BEGIN Stored data

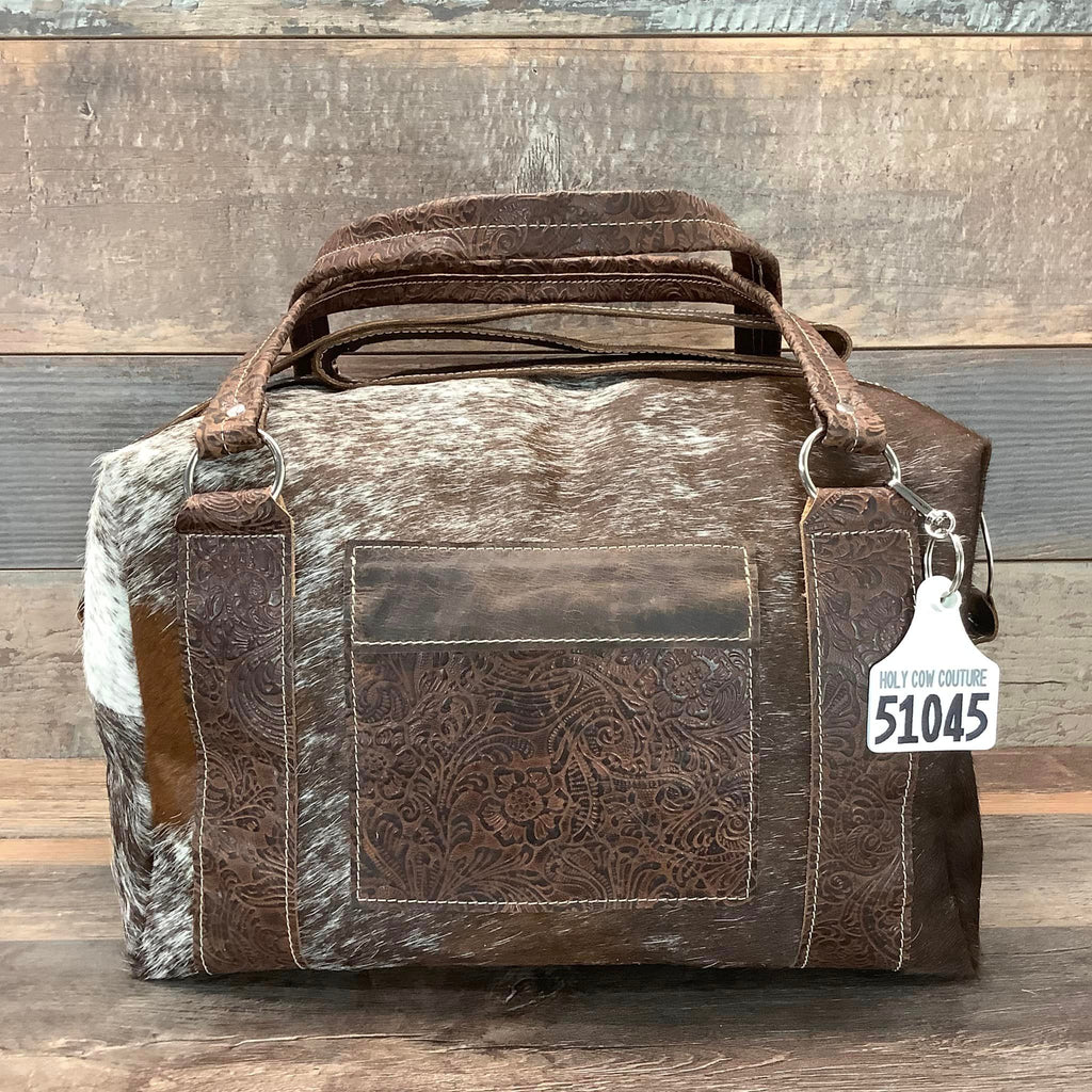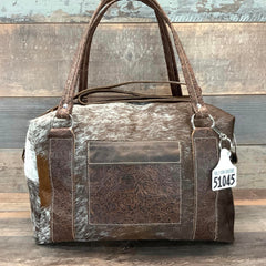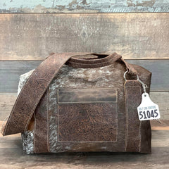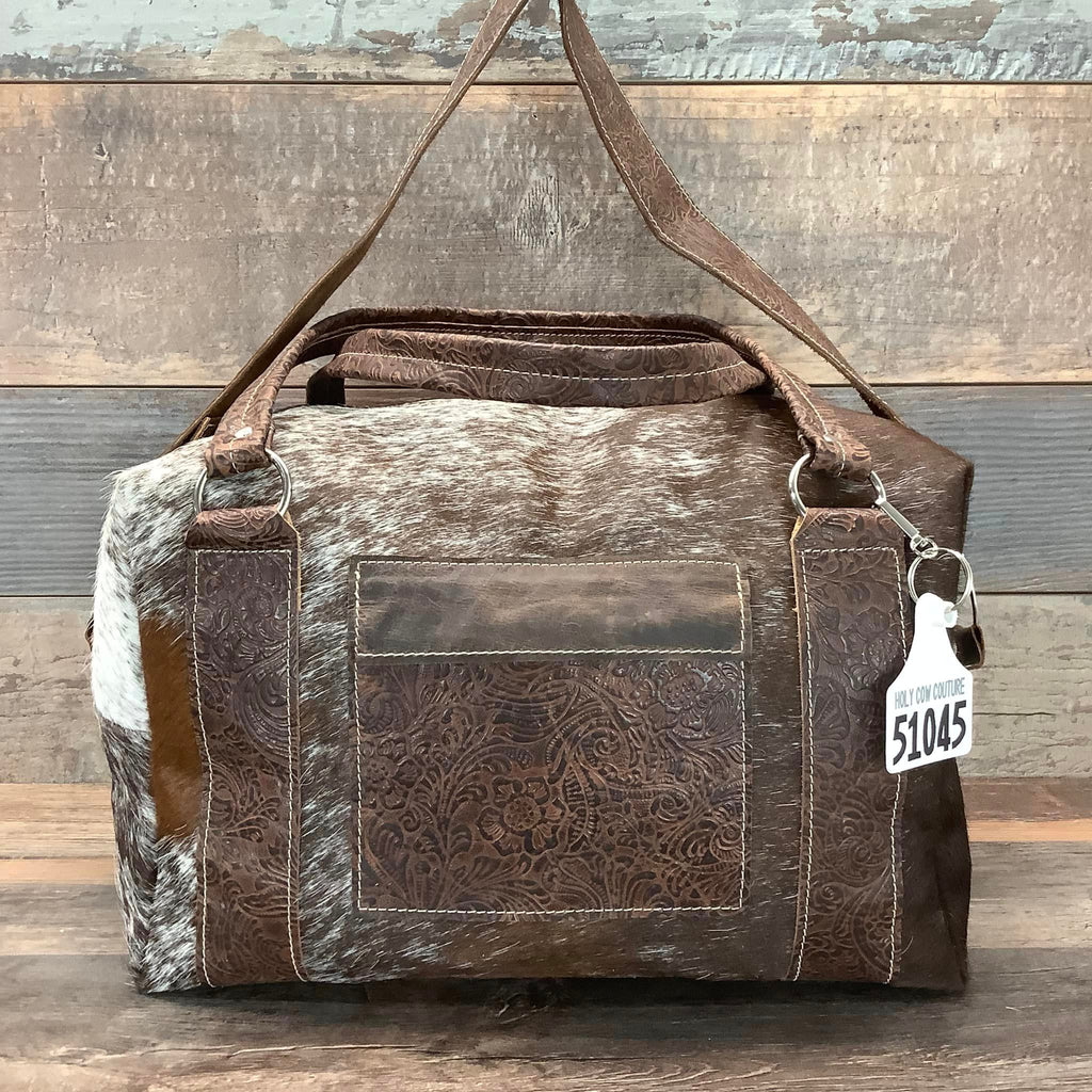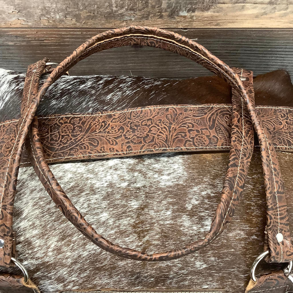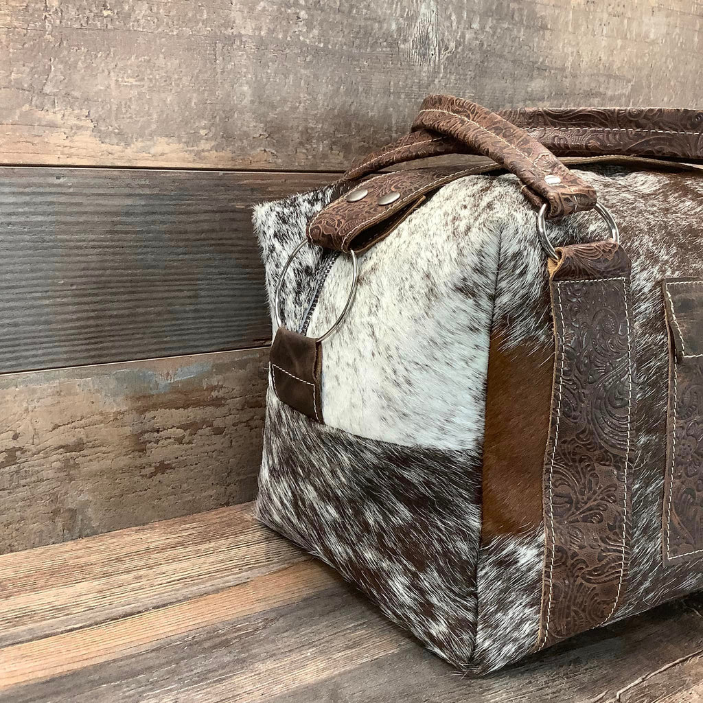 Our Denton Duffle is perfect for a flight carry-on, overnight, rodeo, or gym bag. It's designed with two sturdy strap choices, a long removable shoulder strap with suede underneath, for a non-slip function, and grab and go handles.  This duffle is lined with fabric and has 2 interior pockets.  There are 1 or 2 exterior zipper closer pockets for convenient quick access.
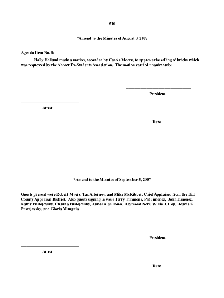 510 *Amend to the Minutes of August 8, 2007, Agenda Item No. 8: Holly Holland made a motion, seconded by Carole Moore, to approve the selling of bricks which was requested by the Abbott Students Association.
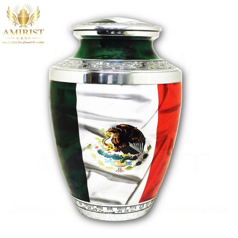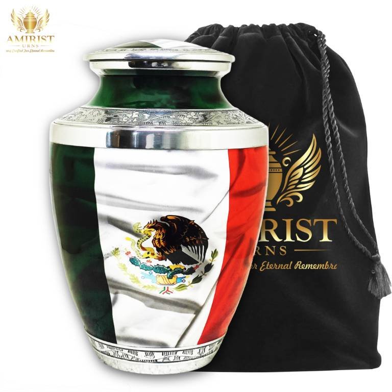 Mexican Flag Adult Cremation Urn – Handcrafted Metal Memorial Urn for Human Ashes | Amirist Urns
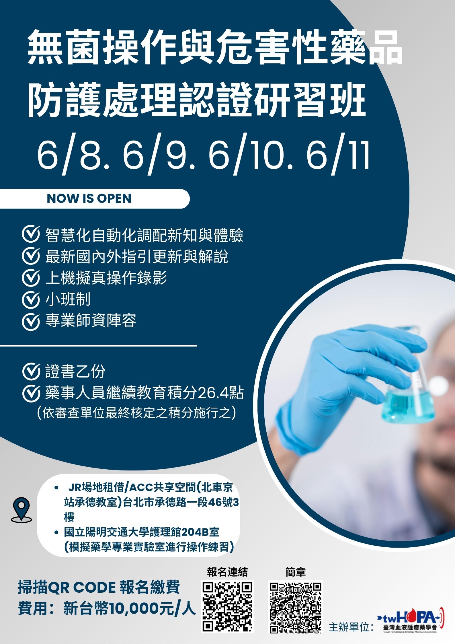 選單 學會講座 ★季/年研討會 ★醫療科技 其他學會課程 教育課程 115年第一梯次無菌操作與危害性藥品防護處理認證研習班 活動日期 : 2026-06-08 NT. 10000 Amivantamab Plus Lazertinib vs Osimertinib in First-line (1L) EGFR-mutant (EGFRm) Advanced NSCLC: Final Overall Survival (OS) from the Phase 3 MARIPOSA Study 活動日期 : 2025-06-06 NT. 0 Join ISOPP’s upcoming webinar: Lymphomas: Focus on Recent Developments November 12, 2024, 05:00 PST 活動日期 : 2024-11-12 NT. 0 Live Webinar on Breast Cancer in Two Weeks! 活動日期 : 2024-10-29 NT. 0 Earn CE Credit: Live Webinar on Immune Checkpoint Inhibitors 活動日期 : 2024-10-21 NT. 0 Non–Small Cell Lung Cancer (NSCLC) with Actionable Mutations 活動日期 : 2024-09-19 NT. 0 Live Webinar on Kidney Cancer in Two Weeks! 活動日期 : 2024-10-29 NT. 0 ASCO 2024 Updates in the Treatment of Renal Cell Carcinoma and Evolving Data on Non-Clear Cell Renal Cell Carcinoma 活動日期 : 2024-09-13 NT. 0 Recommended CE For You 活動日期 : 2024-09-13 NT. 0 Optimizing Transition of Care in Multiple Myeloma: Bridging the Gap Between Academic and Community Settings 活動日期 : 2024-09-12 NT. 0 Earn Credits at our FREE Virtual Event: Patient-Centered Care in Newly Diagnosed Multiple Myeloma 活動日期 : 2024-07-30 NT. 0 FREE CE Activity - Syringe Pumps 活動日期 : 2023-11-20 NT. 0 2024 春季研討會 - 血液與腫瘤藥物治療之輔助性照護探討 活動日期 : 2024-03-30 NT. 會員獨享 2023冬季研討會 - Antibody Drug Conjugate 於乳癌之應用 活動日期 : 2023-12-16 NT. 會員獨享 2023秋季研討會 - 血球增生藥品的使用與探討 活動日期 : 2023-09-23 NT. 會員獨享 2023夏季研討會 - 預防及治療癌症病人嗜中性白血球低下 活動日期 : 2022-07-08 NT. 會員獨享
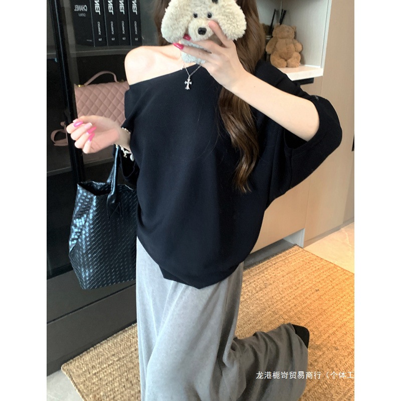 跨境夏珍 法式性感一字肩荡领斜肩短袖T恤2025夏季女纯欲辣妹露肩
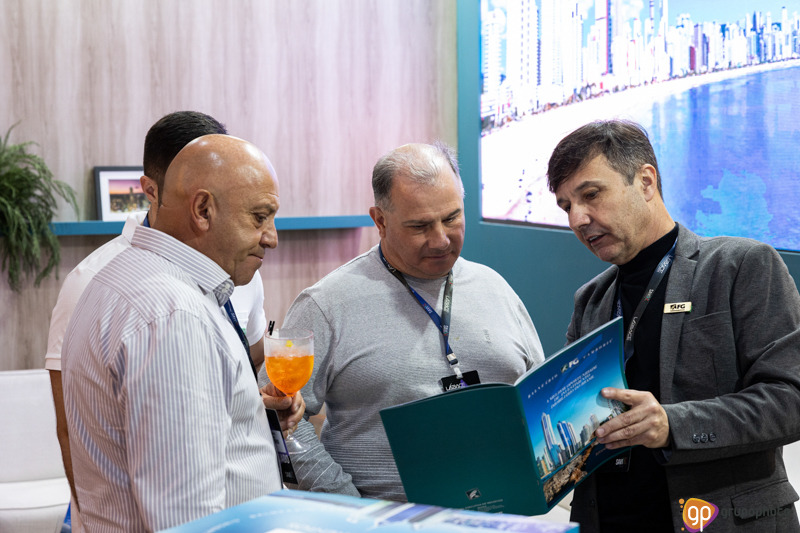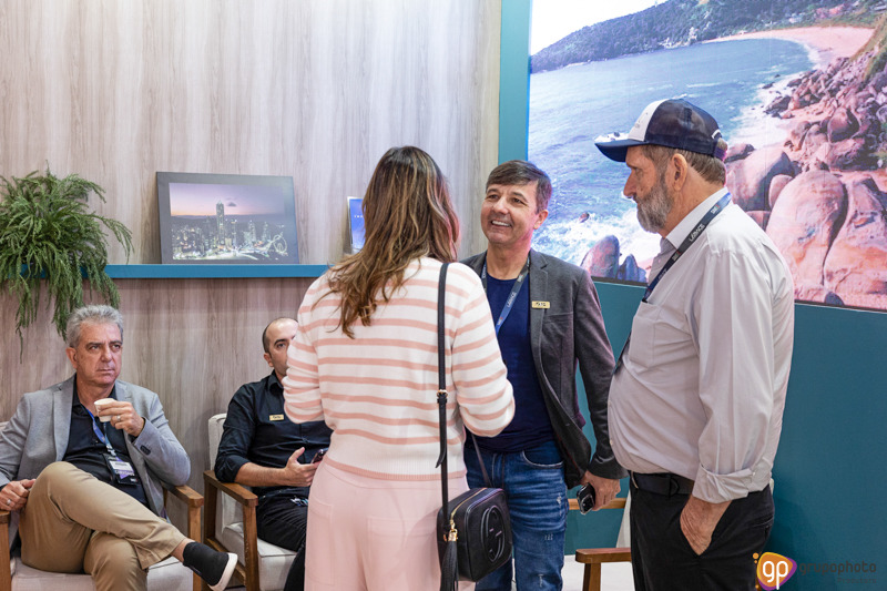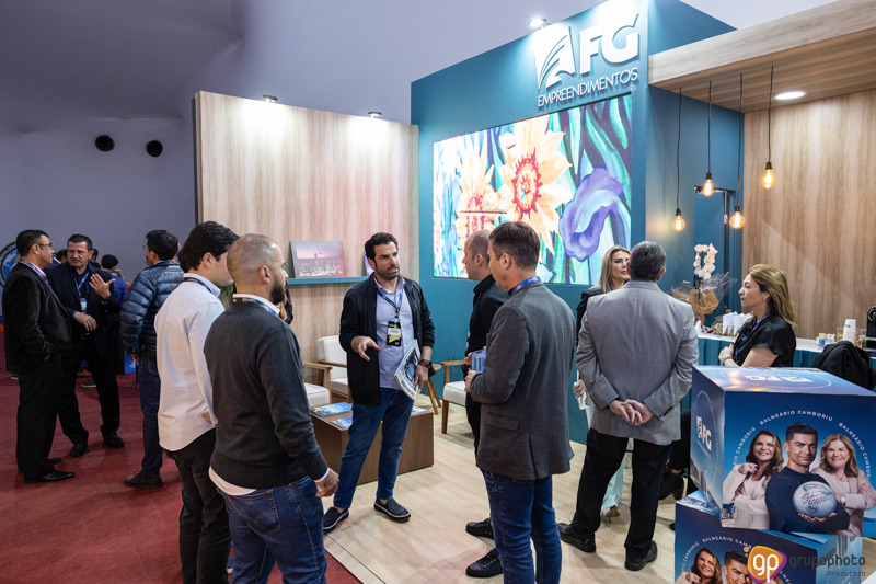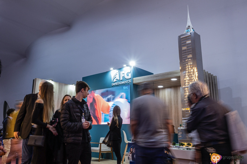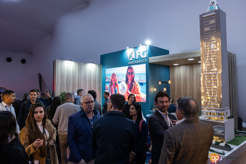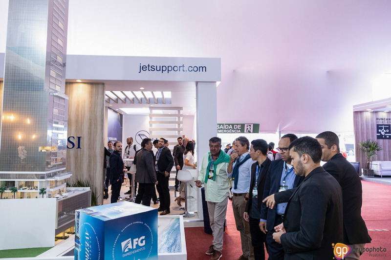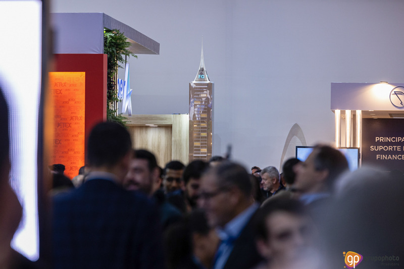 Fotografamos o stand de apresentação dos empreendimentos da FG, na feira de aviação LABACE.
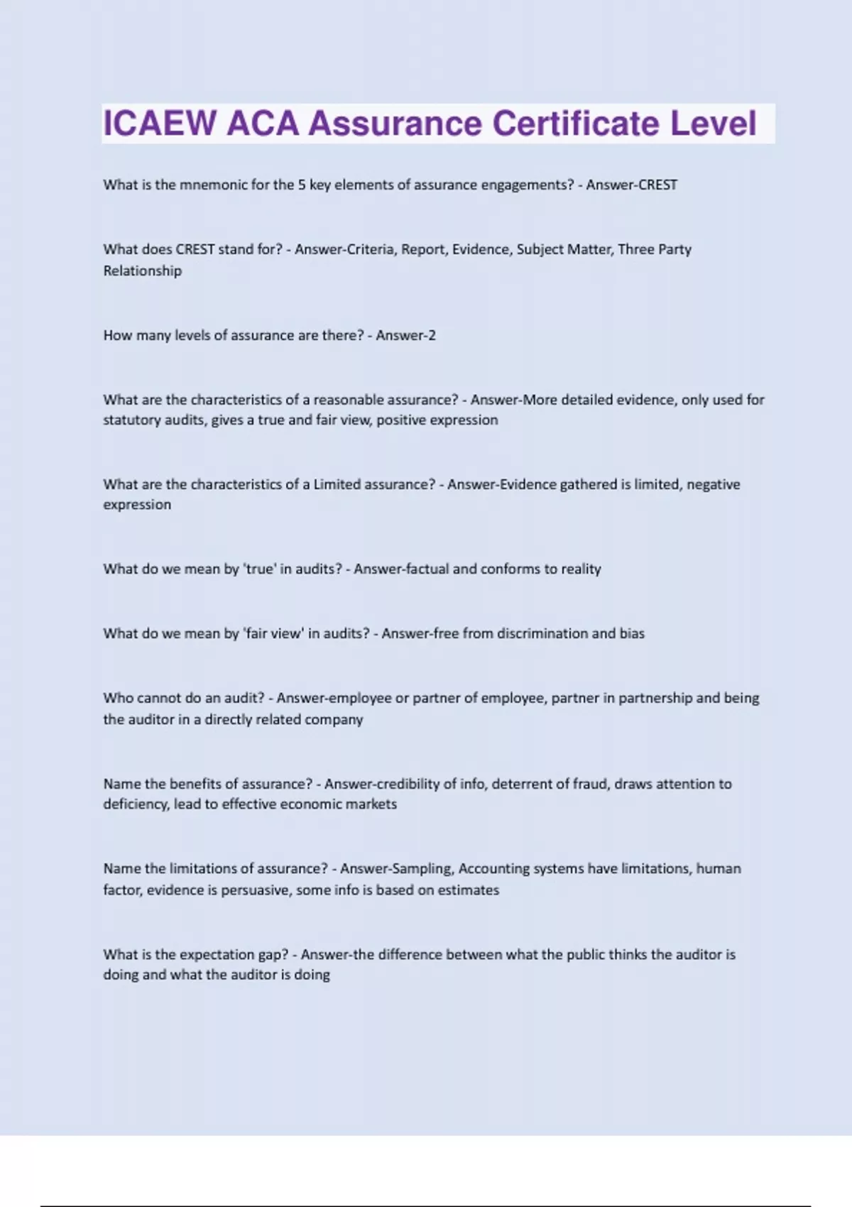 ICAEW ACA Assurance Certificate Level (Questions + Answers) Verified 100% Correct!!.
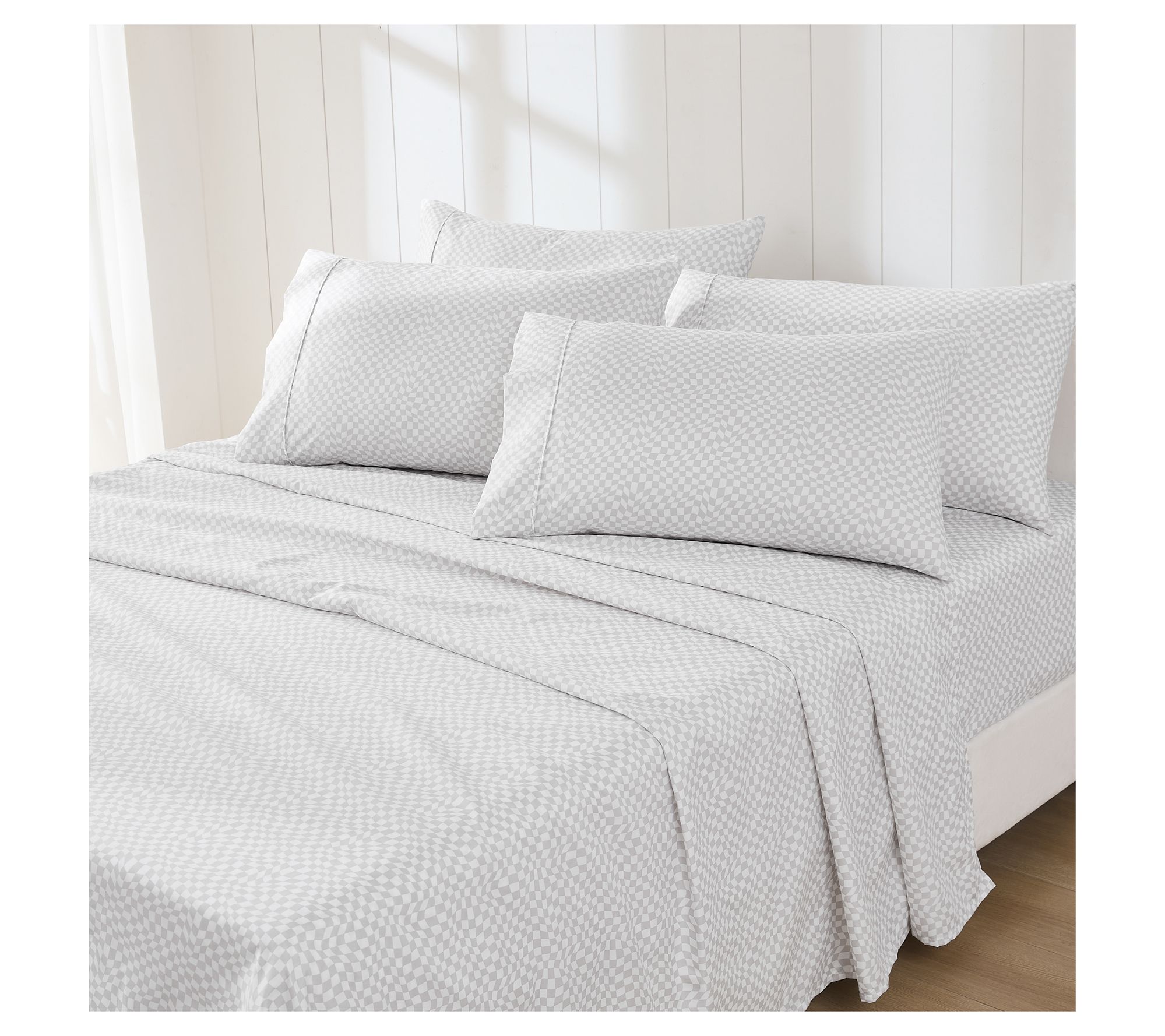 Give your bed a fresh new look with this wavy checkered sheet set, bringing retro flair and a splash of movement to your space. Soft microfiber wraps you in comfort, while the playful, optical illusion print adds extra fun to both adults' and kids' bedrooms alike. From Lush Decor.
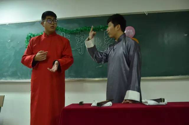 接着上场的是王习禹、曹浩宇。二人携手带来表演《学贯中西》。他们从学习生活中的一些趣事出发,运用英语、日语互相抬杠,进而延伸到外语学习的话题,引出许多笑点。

END Stored data

* _Instructions to follow_
Look above for the line with "Fotografamos o stand" and the line with "ICAEW ACA Assurance", then copy them and all lines in between exactly as written, and only those, without any pictures.

* _Exercise response_
 Fotografamos o stand de apresentação dos empreendimentos da FG, na feira de aviação LABACE.
 ICAEW ACA Assurance Certificate Level (Questions + Answers) Verified 100% Correct!!.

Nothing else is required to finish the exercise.